NATIONAL PUBLIC RADIO recently reported that the Vatican has opened a public exhibition called "Life and Death in the Rome of the Caesars" that features a Vatican Necropolis, a Roman burial ground located a few feet beneath St. Peter's Basilica in Rome. The necropolis heretofore was opened only to academics and other specialists. It contains marble sarcophagi, tombs dating back to the first century, Roman frescoes and beautiful mosaics.

Enslaved people, artisans and middle-class Roman citizens-many who were employed by the infamous emporer Nero-are buried there, according to epigraphs at the site. Nero became Caesar at the age of 16 in 54 CE and reigned until 68 CE, when he committed suicide. (The Senate had turned against him.) Remembered as a cruel and eccentric tyrant, Nero was nonetheless reported to have been the recipient of a very special gift during his life-the last existing stalk of the herb silphium.

Silphium's ancient home turf was a narrow strip of North Africa, 125 miles long and just 35 miles wide, bordering the Mediterranean Sea along the coast of modern Libya and Tunisia, in Nero's day known as Cyrene.

Silphium, or silphion in Greek, was so valuable and the pressure to harvest it so strong that after that last gift to Nero, it was by all accounts extinct.

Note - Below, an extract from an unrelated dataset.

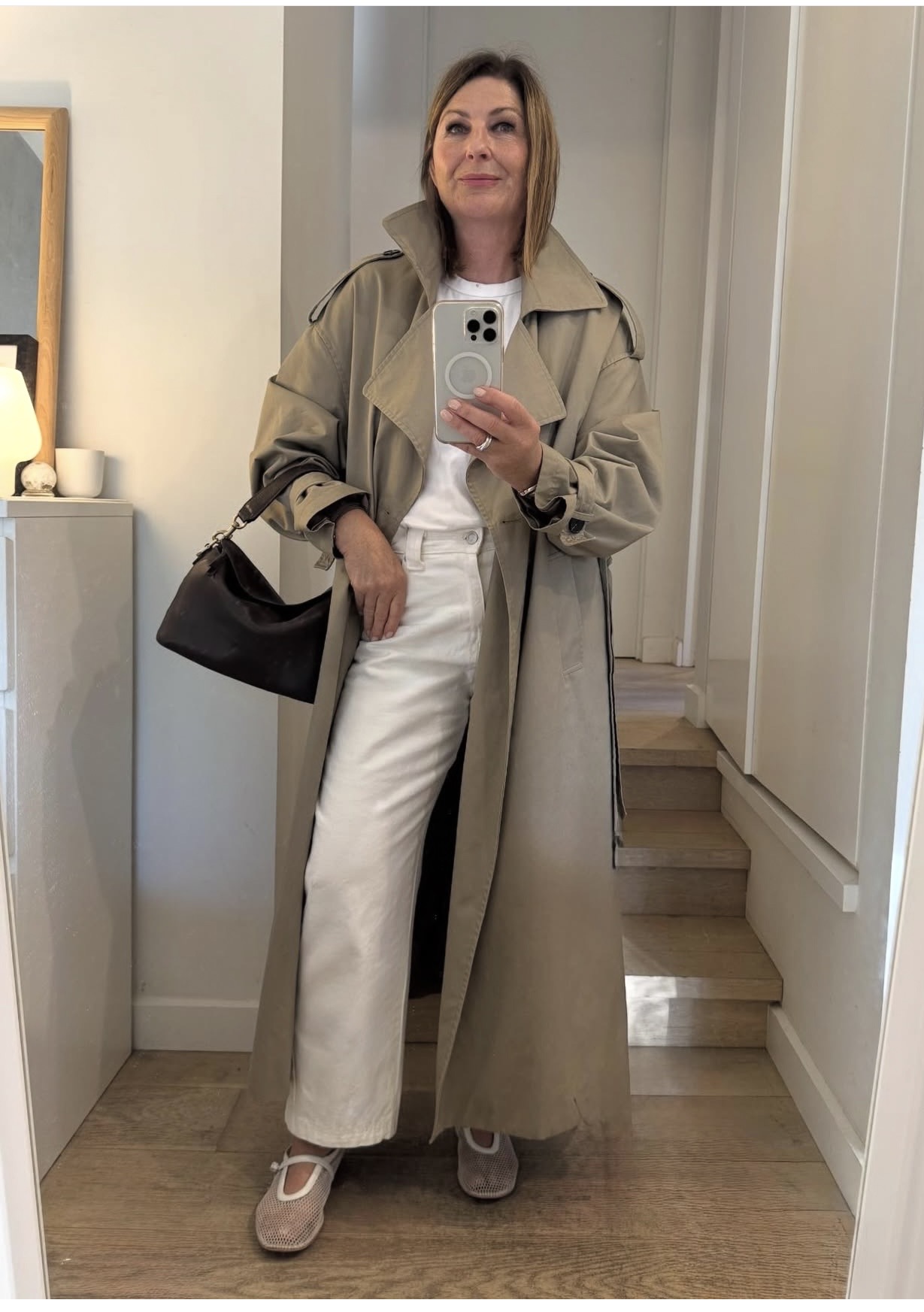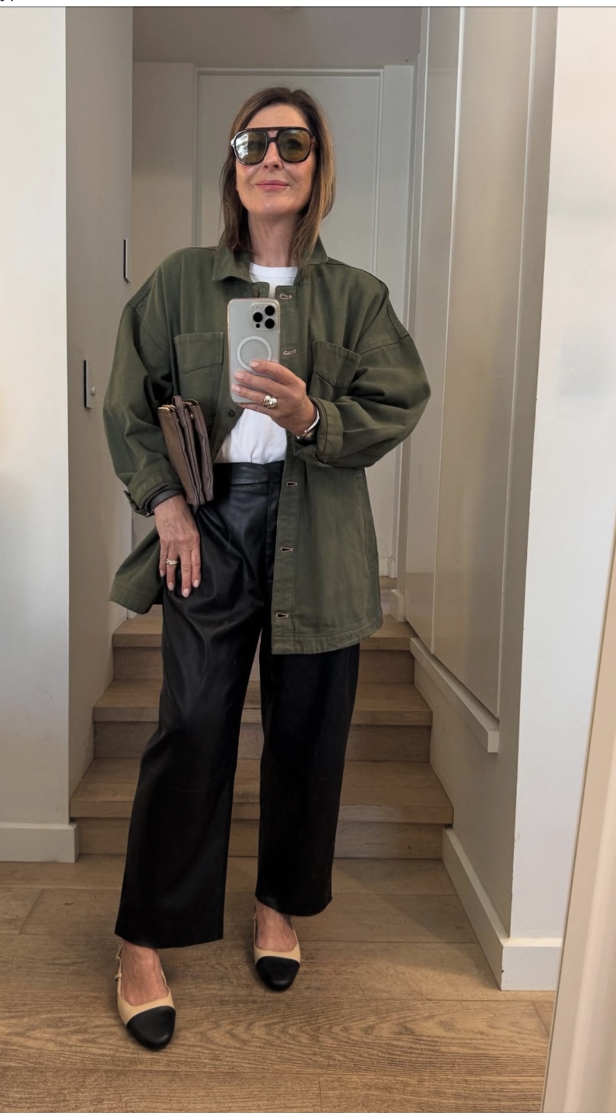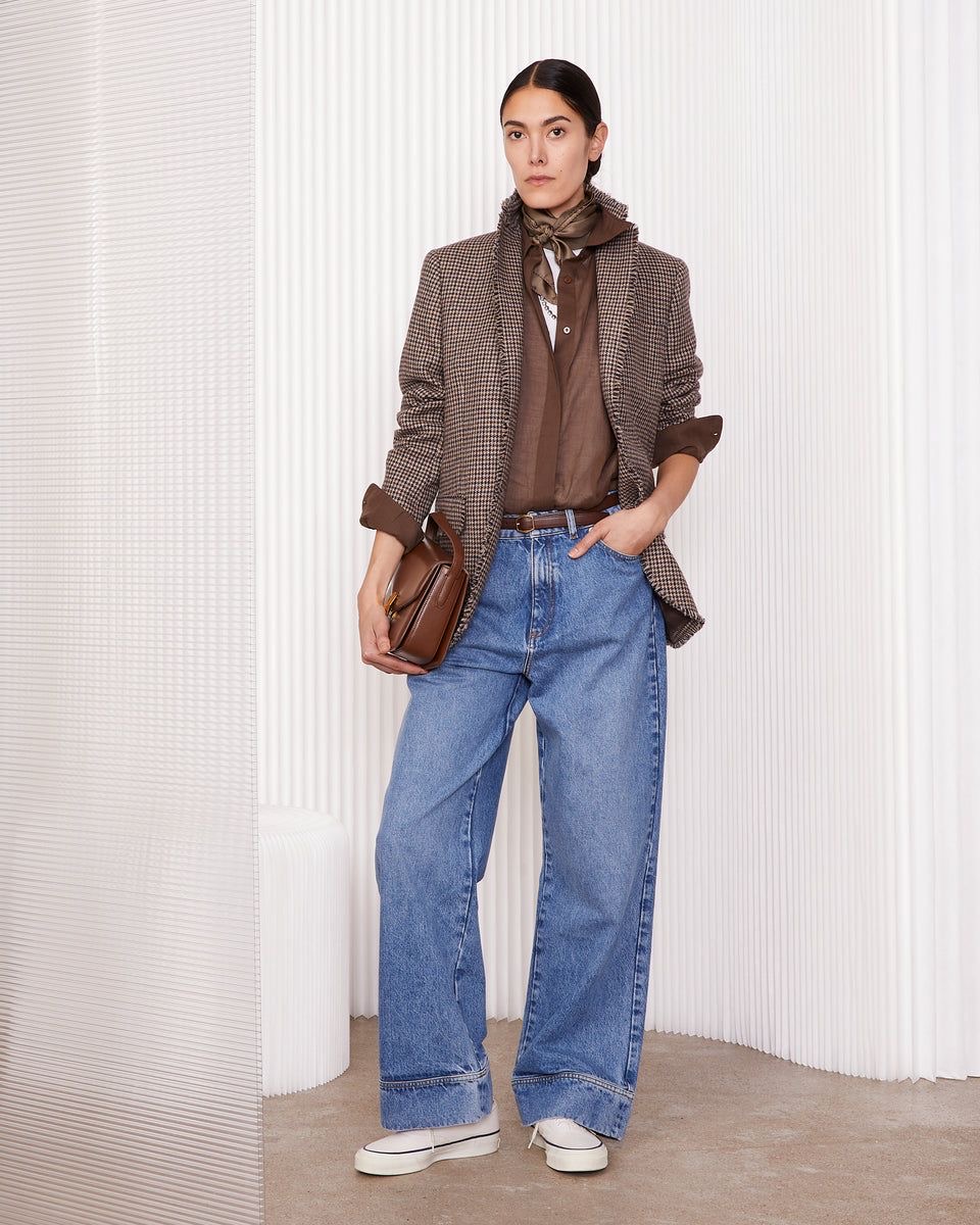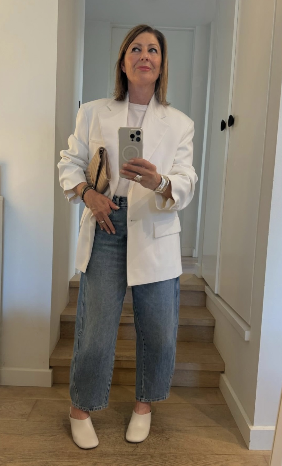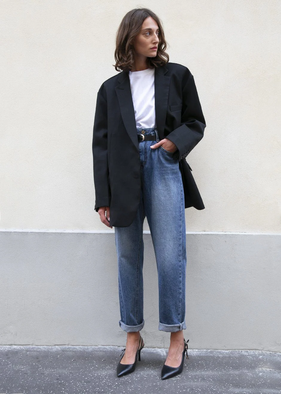 You want a cut that is big and roomy. Which means it looks fashion. It looks effortless. Feels easy. What’s not to love about being comfortable! Sometimes when you’re trying something new on you look in the mirror and you’re just not sure. My tip: go up a size! Jeans too tight? Get a size bigger. They sit lower. Usually longer in length too. Same with a skirt. That blazer that feels too tight and neat?  Go up a size or two, suddenly it looks cool. Ditto a white tee or blue shirt: both look better when looser. I can guarantee when you go up a size, suddenly the proportions change.  And the pieces that are cheap and chic they suddenly look expensive: Instant cool. Shoes? Haha stick to your own size.

First of all, goats and sheep loved it; what humans didn't harvest, the animals did. For inhabitants of the Roman Empire, it was worth its weight in silver. So much so that Julius Caesar, the first Roman emperor from 49 to 44 BCE, kept a thousand pounds of silphium along with gold in the imperial treasury.

Theophrastus (371 to 287 BCE), the Greek Father of Botany, described the plant as having thick roots covered in black bark with a hollow stalk, similar to fennel, and golden leaves like celery. Its flowers were balls of florets with a rich golden hue.